__Your goal__
From the listing below, output the lines between the one with "Ζώδια Σκορπιός, Πασχαλινή" and the one with "14 de noviembre", including those two, and nothing else. Pictures are not copied.

__The records__

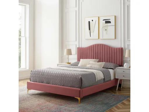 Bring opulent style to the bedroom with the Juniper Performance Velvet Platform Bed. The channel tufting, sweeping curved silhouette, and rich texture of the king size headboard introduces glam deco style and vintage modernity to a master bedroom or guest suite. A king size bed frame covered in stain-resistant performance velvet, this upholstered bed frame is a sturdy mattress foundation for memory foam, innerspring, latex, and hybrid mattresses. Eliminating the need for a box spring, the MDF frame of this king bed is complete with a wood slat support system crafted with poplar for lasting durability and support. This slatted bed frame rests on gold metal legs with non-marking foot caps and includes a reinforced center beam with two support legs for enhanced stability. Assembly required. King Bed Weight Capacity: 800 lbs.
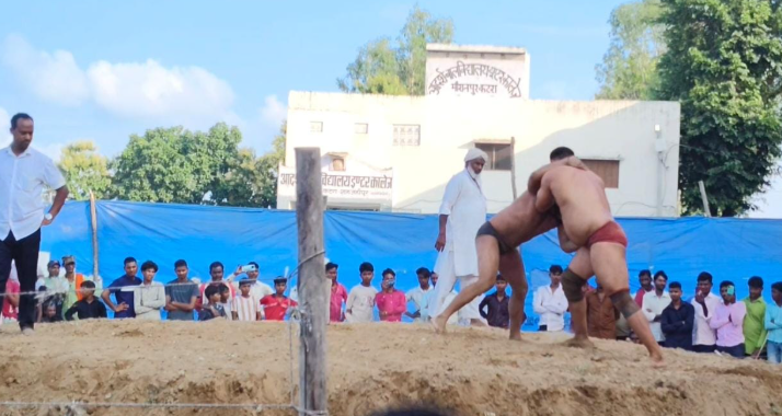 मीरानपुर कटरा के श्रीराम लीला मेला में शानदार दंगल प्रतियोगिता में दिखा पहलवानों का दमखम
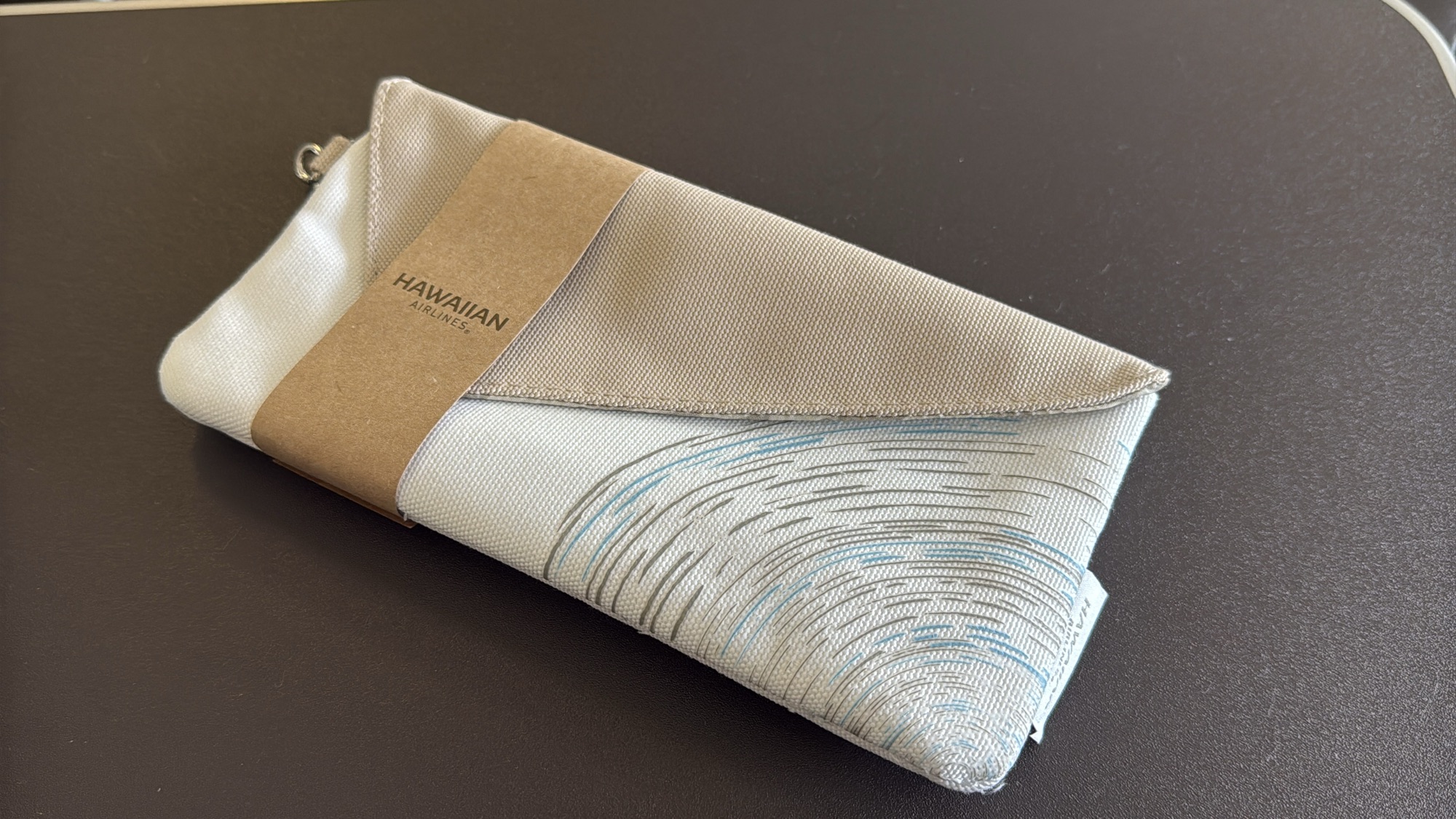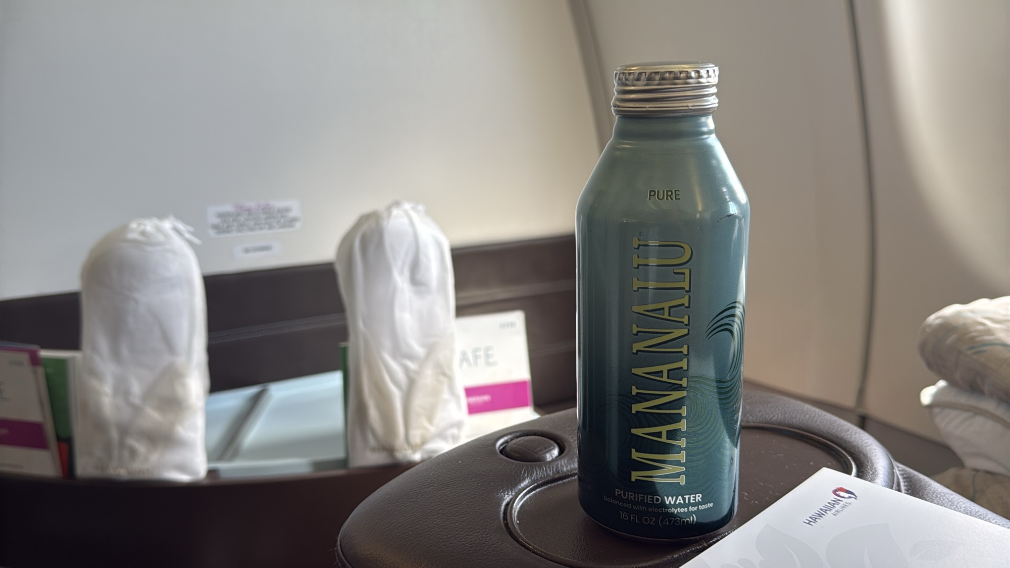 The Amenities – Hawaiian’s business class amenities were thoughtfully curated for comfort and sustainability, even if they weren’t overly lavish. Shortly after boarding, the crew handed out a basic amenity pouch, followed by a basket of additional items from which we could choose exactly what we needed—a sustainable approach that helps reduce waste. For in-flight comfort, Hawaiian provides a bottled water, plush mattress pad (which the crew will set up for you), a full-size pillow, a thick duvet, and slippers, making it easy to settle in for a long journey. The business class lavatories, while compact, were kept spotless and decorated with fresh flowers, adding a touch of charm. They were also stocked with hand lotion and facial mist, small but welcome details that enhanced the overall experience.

---

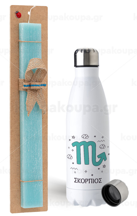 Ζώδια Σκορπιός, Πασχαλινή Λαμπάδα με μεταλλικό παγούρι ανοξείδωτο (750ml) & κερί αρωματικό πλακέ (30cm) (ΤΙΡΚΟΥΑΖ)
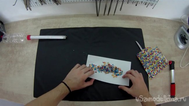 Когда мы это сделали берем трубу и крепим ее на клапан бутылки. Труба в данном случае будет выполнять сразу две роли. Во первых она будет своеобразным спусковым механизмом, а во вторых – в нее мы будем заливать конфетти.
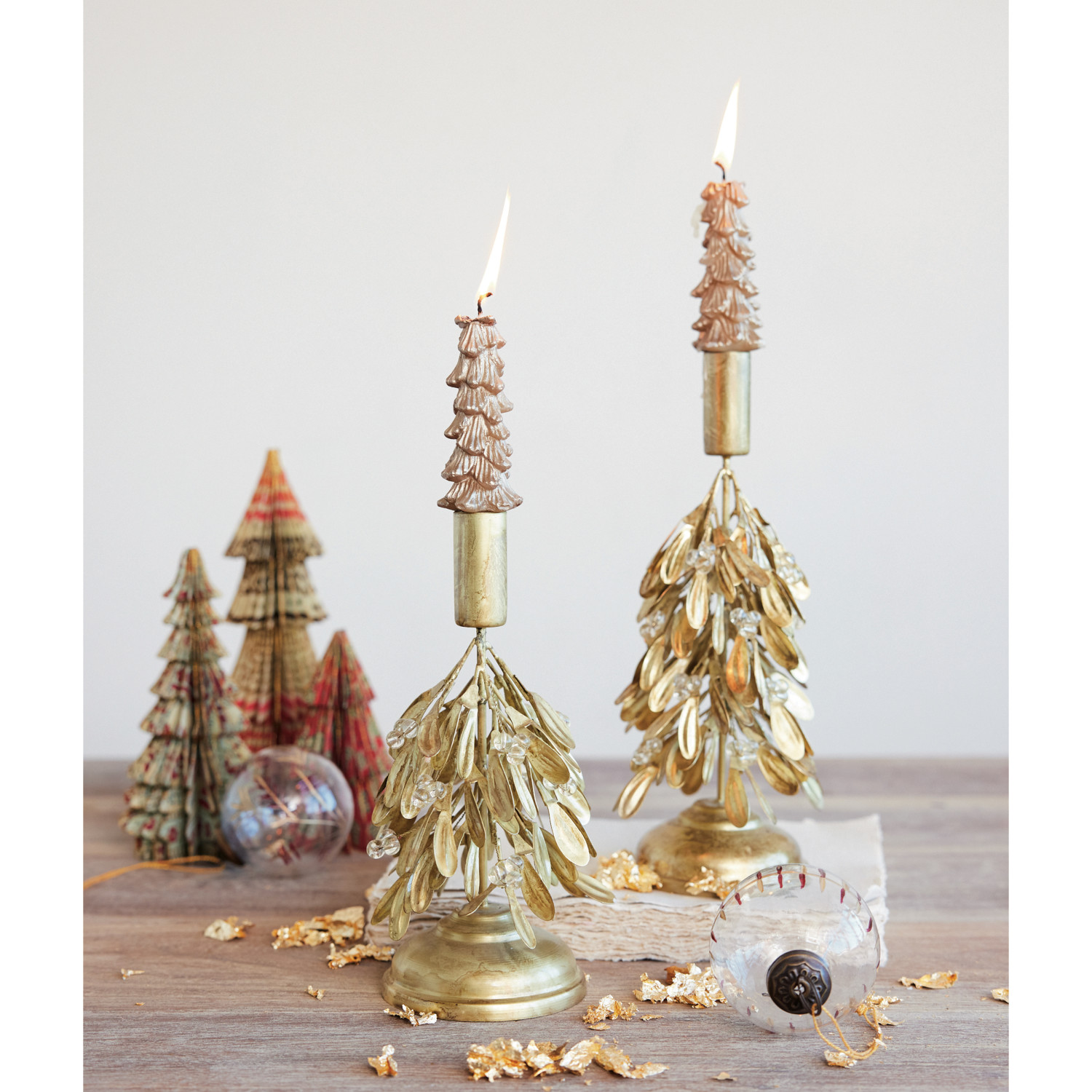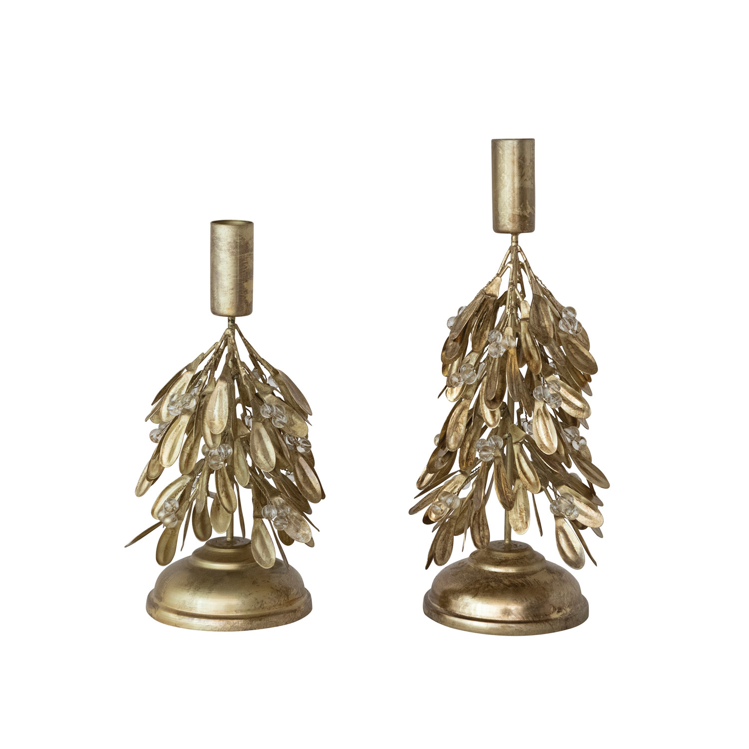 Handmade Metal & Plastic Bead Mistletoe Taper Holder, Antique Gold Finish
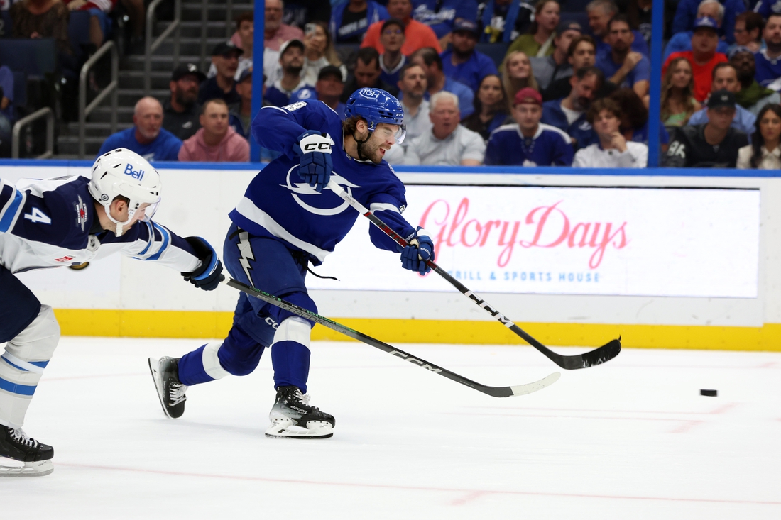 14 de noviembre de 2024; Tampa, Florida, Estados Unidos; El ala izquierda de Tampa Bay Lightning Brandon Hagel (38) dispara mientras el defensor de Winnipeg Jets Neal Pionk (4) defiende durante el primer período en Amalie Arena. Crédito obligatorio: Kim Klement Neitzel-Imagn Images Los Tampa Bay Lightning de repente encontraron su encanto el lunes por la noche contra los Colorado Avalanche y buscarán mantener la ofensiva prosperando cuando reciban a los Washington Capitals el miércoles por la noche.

---

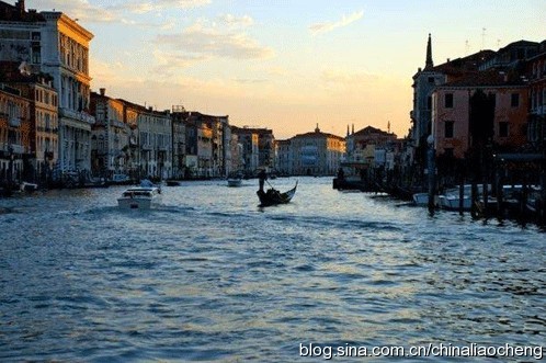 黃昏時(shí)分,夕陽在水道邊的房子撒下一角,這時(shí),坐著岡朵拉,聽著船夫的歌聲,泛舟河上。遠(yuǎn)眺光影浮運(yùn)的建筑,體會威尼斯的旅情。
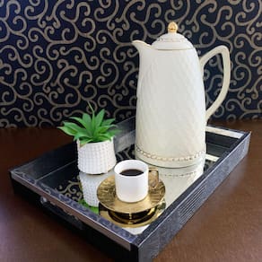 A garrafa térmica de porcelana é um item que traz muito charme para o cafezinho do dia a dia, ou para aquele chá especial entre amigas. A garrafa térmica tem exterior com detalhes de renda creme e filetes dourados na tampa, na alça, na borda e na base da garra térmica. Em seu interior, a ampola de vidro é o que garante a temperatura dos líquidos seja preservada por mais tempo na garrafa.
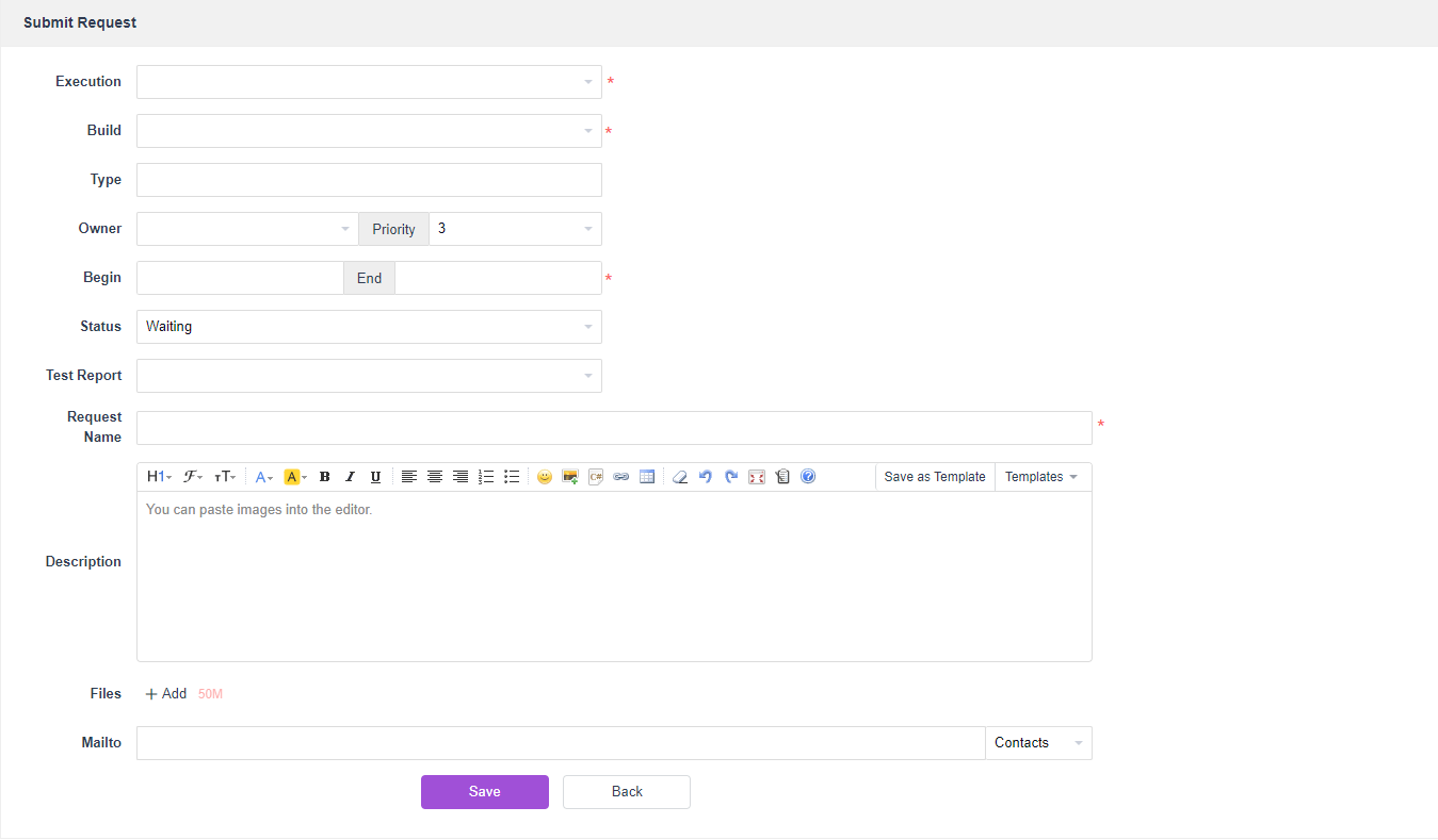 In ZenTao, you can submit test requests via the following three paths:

__Result for this task__
 Ζώδια Σκορπιός, Πασχαλινή Λαμπάδα με μεταλλικό παγούρι ανοξείδωτο (750ml) & κερί αρωματικό πλακέ (30cm) (ΤΙΡΚΟΥΑΖ)
 Когда мы это сделали берем трубу и крепим ее на клапан бутылки. Труба в данном случае будет выполнять сразу две роли. Во первых она будет своеобразным спусковым механизмом, а во вторых – в нее мы будем заливать конфетти.
 Handmade Metal & Plastic Bead Mistletoe Taper Holder, Antique Gold Finish
 14 de noviembre de 2024; Tampa, Florida, Estados Unidos; El ala izquierda de Tampa Bay Lightning Brandon Hagel (38) dispara mientras el defensor de Winnipeg Jets Neal Pionk (4) defiende durante el primer período en Amalie Arena. Crédito obligatorio: Kim Klement Neitzel-Imagn Images Los Tampa Bay Lightning de repente encontraron su encanto el lunes por la noche contra los Colorado Avalanche y buscarán mantener la ofensiva prosperando cuando reciban a los Washington Capitals el miércoles por la noche.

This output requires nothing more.